Stanford University professor delivers lecture for Huntsman School students
As part of an event co-sponsored by the Jon M. Huntsman School of Business and the Center for Growth and Opportunity, John Taylor, economics professor at Stanford University, spoke Tuesday on the future of economic policy in the United States.
Taylor, Stanford economics professor and senior fellow in economics at the Hoover Institution, rejected The Economist’s interpretation of the US economy in their July 19, 2014 story, “America’s lost oomph,” in which the cover depicts an American jockey on top of a turtle. Rather, Taylor said, the economy could be likened to a caged eagle, and policy reform could cut open the cage for us to see better growth.
Taylor broke down policy reform into four categories: tax reform, regulatory inform, monetary reform and budget reform.

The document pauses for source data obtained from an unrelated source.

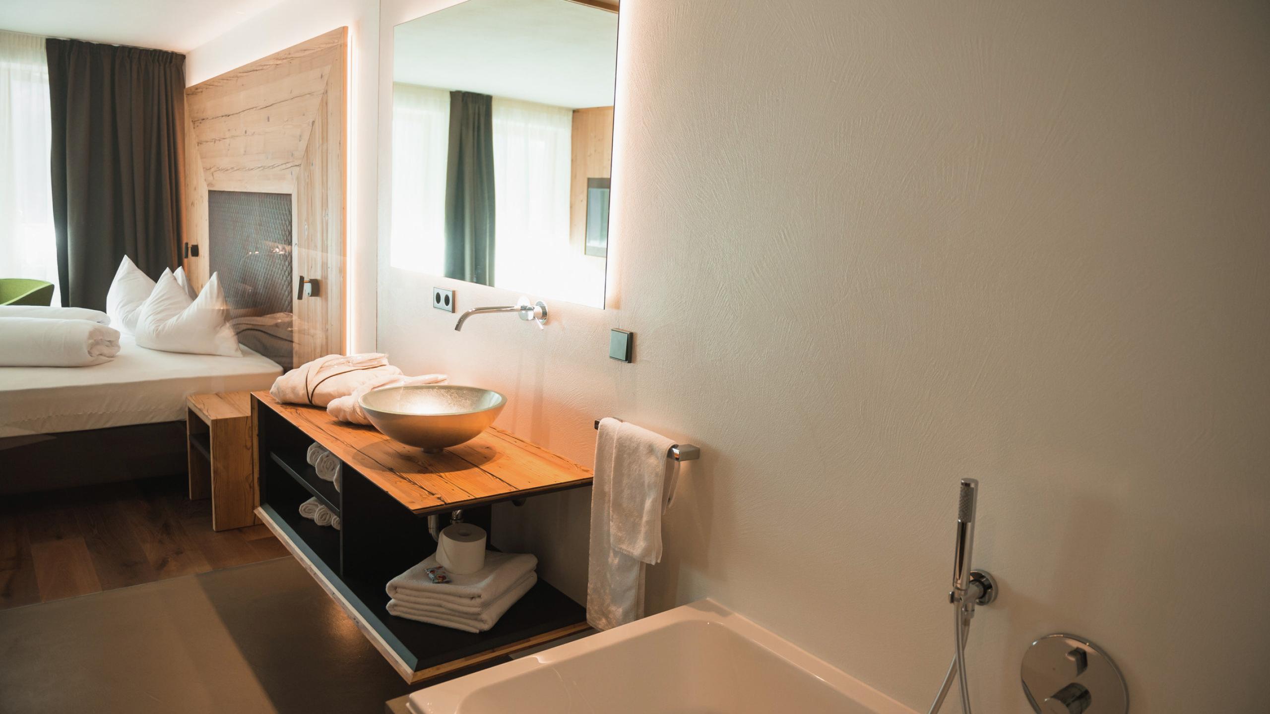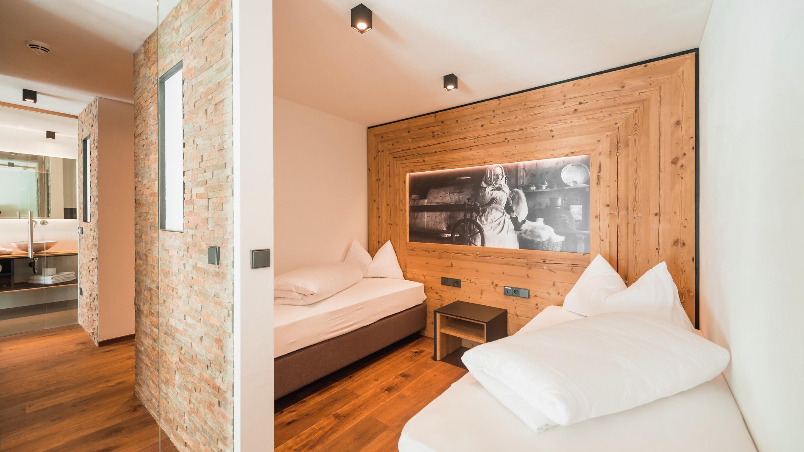 Diese großzügige Familiensuite 63m², bestehend aus einem Elternschlafzimmer und einem getrennten Kinderzimmer, gewährt einen einmaligen Blick auf die Gipfel des Schnalstals. Im Inneren punktet sie mit hellen Holzmöbeln, die Gemütlichkeit vermitteln, sowie mit jede Menge Platz zum Verweilen.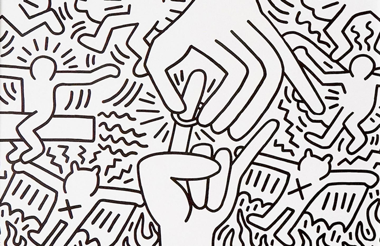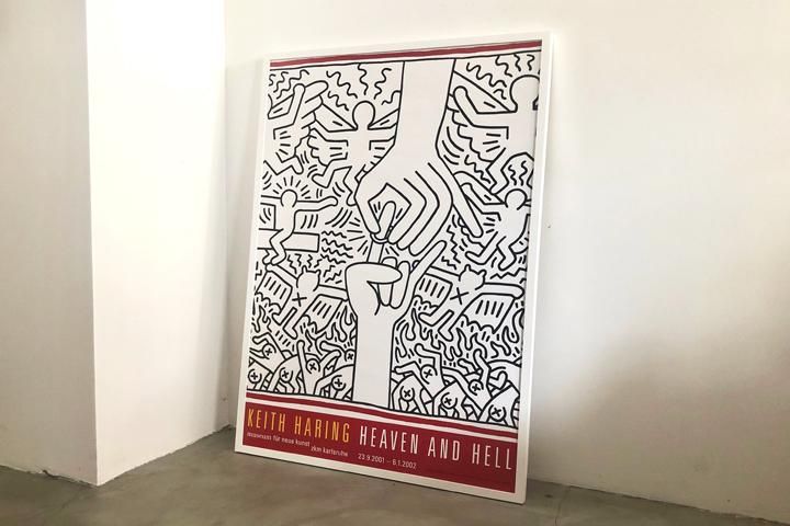 2001年にドイツのZKMの現代美術館で開催されたキース・ヘリングのエキシビション"HEAVEN AND HELL"の告知ポスターです。このポスターでは1985年にキース・ヘリングが製作した特大(約10m×7.9m)の作品"Marriage of Heaven and HELL"の一部が使用されています。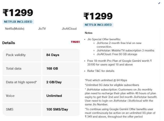 ரிலையன்ஸ் ஜியோவின் இந்த திட்டமானது ரூ,1299 யில் வருகிறது மேலும் இந்த திட்டத்தில் அன்லிமிடெட் வொயிஸ் காலிங், தினமும் 2GB டேட்டா மற்றும் தினமும் 100 SMS வழங்குகிறது இதை தவிர இந்த திட்டத்தின் சேவை வேலிடிட்டி 84 நாட்கள் இருக்கிறது இதை தவிர இதன் நன்மை இங்கே முடிந்து விடவில்லை இதனுடன் இதில் OTT (over-the-top) நன்மையாக Netflix (mobile) அதிகபட்ச நன்மை இதனுடன் கஸ்டமர்களுக்கு JioTV மற்றும் JioAICloud போன்ற நன்மை வழங்குகிறது இதனுடன் இந்த திட்டத்தில் அதிகபட்சமாக 168GB டேட்டா வழங்கப்படுகிறது.

The Tax Cuts and Jobs Act, signed by President Trump in 2017, cut the corporate tax rate from 35 to 21 percent, which Taylor said would reduce the cost of capital, in turn raising investment, productivity, wages and economic growth. Generally, academic economists are split on the act, with no established consensus on how the plan would affect the GDP.
As far as regulation and trade go, Taylor said change in the form of executive orders, appointments and legislation have aided in growth, but that more legislation is needed, such as a proposed fourteenth chapter in the Financial Institution Bankruptcy Act outlined in Taylor’s 2017 testimony on the act.

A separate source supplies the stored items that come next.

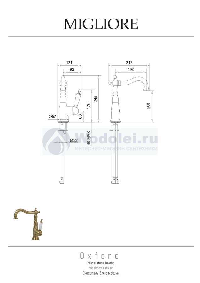 Купить смеситель для раковины Migliore Oxford 19118 тосканская бронза Италия в Москве в магазине Wodolei можно с доставкой и установкой. У нас установлена самая низкая цена: смеситель для раковины Migliore Oxford 19118 тосканская бронза стоит 29700 руб. Если нашли дешевле – просите скидку.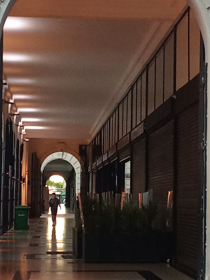 An indoor passageway features a man walking towards the viewer. Arched entrances line the left, punctuated by wall-mounted lights, while closed storefronts occupy the right. Planters stand in front of these stores. Light reflects off the polished floor creating a bright path. The space is enclosed, with a vaulted ceiling.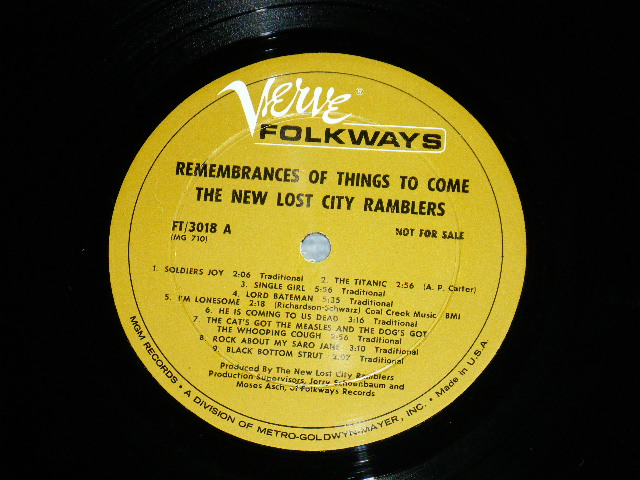 The New Lost City Ramblers - Remembrance Of Things To Come (Ex++/Ex+++ BB, WOBC) / 1967 US AMERICA ORIGINAL 1st Press Label MONO Used LP[VERVE / FOLKWAYS FT-3018 MONO]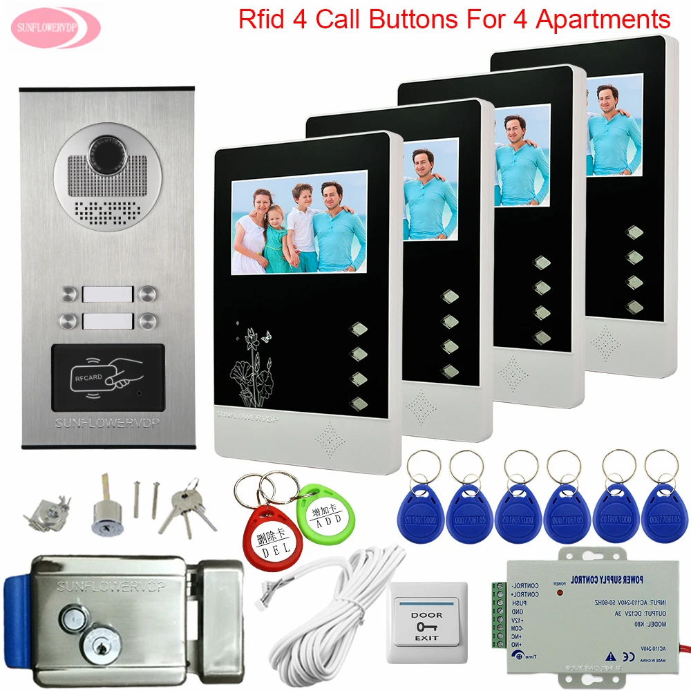 Speciale prijs Video Door Entry Systems With Camera Rifd Access Control Video Intercom 4 Apartments 4.3\ Monitor for Doorbells + Electric Lock Goedkoop online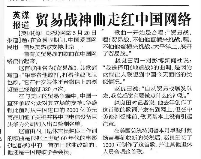 2019年,有美国、俄罗斯、新加坡等十七个国家的电视台、报刊、网站报道了其创作的《贸易战》等作品。至今网站、微信、抖音、快手等传媒上还能收看到《贸易战》《三大纪律八项注意》(防疫战歌)《致台军兄弟书》《当我还能发出光和热的时候》等相关作品的报道和演唱、朗诵视频。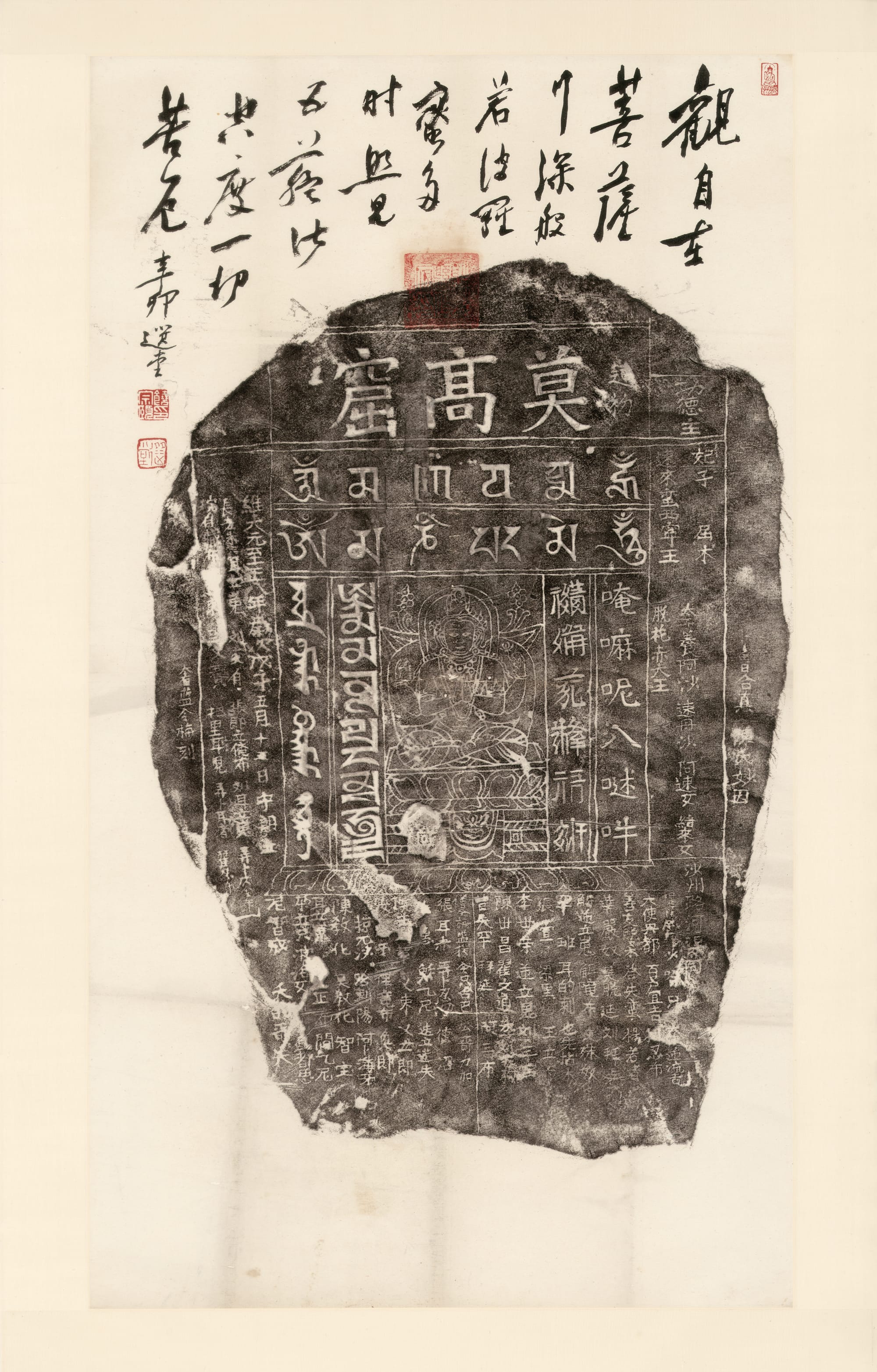 展覽中亦頻見與觀世音菩薩相關之展品。〈題莫高窟《六字真言碑》拓本〉(2011)中的原碑立於元末至正八年(1348),上以漢、藏、梵、西夏、回鶻、蒙古六種文字環繞觀音肖像刻其真言「唵嘛呢叭咪吽」,形制尤為罕見。拓本上題跋的《心經》有別於僅可音譯、旨在獲觀音感應之咒文,雖亦提及觀音,其核心卻在於以般若法理引導修行者遠離煩惱。於是,咒語與跋文便形成密教與顯教的互補。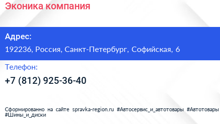 Эконика, компания по адресу 192236, Россия, Санкт-Петербург, Софийская, 6 в дальнейшем Организация, размещена в следующих категориях:

Taylor emphasized the value of developing like-minded allies such as Canada or Mexico and creating specific goals, like reducing tariffs and restrictions of foreign investment in China.
“Going for ‘zero for zero’ is why we’ve been successful in moving toward free trade over time,” Taylor said.

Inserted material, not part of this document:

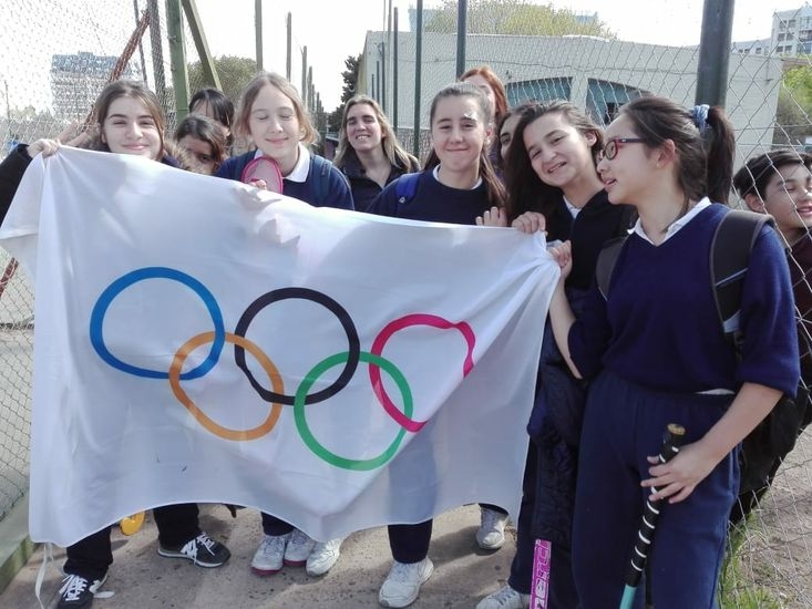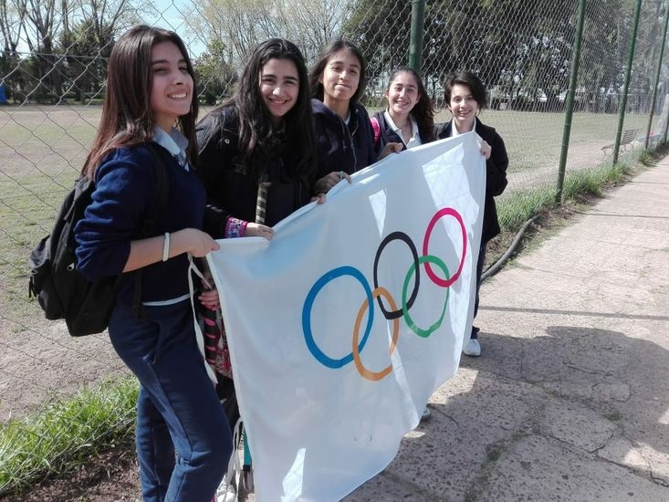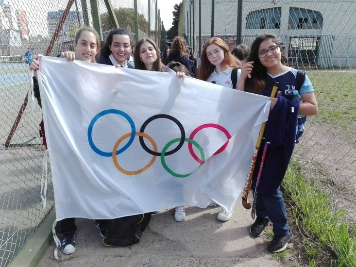 Ese mismo día los alumnos del NUSE, presentaron la bandera Olómpica que los acompañarán cada vez que concurran al Campo de Deportes.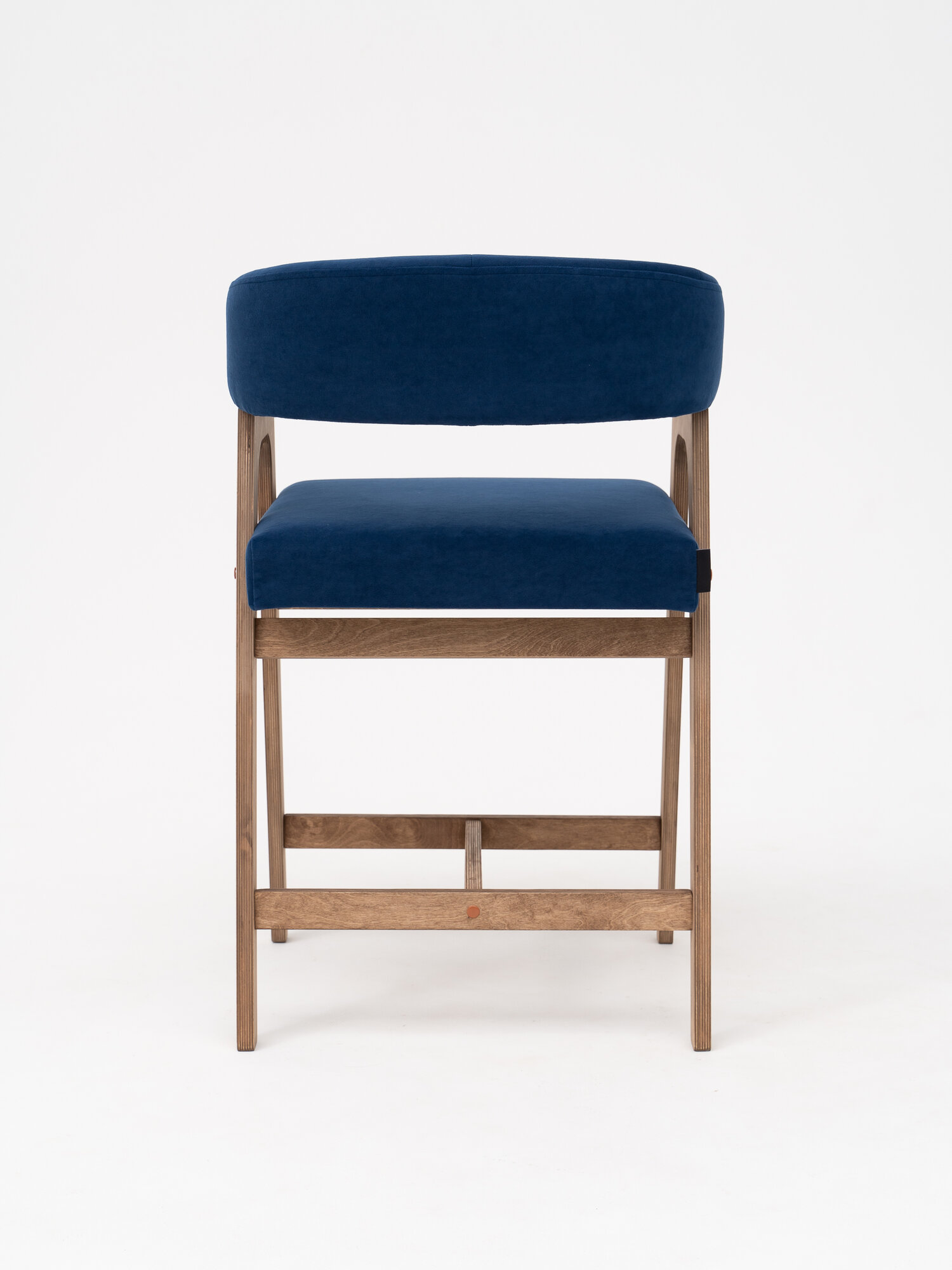 Купить Полубарный стул КAIF со спинкой, синий,коричневое масло

Megan Hansen, the research director for the Center for Growth and Opportunity, asked Taylor about how immigration and immigration policy may affect the economy. The center is currently conducting research on crime rates among immigrants.
“Immigration is important for our country and it always has been,” Taylor said. “I don’t think of that as a reason for monetary policy or fiscal policy to change.”
In monetary policy, Taylor suggested that while the federal reserve has begun to “get back on track,” the United States still needs a budget that will get back on track as well.
“If the question is why the deficit is so big and growing,” Taylor said, “The problem is spending, and we need to come to grips with that.”